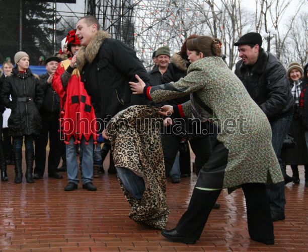 Молодой человек прыгает в мешке во время народных гуляний на праздновании Масленицы, в Донецке, в субботу, 28 февраля 2009 г. Масляная (Масленицы, Масленица, сырное воскресенье) – древнеславянский праздник в честь весеннего пробуждения природы. После крещения Руси Масленица празднуется в последнюю неделю перед Великим постом, за семь недель до Пасхи. Главными атрибутами праздника являются блины и народные гуляния. Христианская церковь включила Масленицу в свой календарь, однако она так и не приобрела религиозного содержания. Фото УНИАН
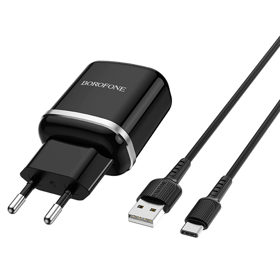 Купить Сетевой адаптер питания USB-Af + кабель Type-Cm Borofone BA36A HighSpeed Black зарядка 3А 18W QC3.0 - чёрный
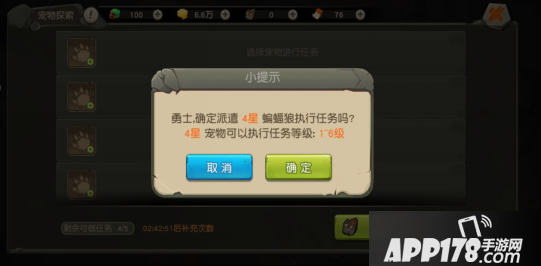 所有的宠物都可以被派出,点击加号选择派出的宠物后,系统会自动分配任务。不同星级的宠物可以分到的任务等级也不同:1星的宠物可以执行的任务等级为1-3级,2星的宠物可以执行的任务等级为1-4级,以此类推。

**Directions for this task:**
Print the listing exactly, images excluded.

**Exercise result:**
 Молодой человек прыгает в мешке во время народных гуляний на праздновании Масленицы, в Донецке, в субботу, 28 февраля 2009 г. Масляная (Масленицы, Масленица, сырное воскресенье) – древнеславянский праздник в честь весеннего пробуждения природы. После крещения Руси Масленица празднуется в последнюю неделю перед Великим постом, за семь недель до Пасхи. Главными атрибутами праздника являются блины и народные гуляния. Христианская церковь включила Масленицу в свой календарь, однако она так и не приобрела религиозного содержания. Фото УНИАН
 Купить Сетевой адаптер питания USB-Af + кабель Type-Cm Borofone BA36A HighSpeed Black зарядка 3А 18W QC3.0 - чёрный
 所有的宠物都可以被派出,点击加号选择派出的宠物后,系统会自动分配任务。不同星级的宠物可以分到的任务等级也不同:1星的宠物可以执行的任务等级为1-3级,2星的宠物可以执行的任务等级为1-4级,以此类推。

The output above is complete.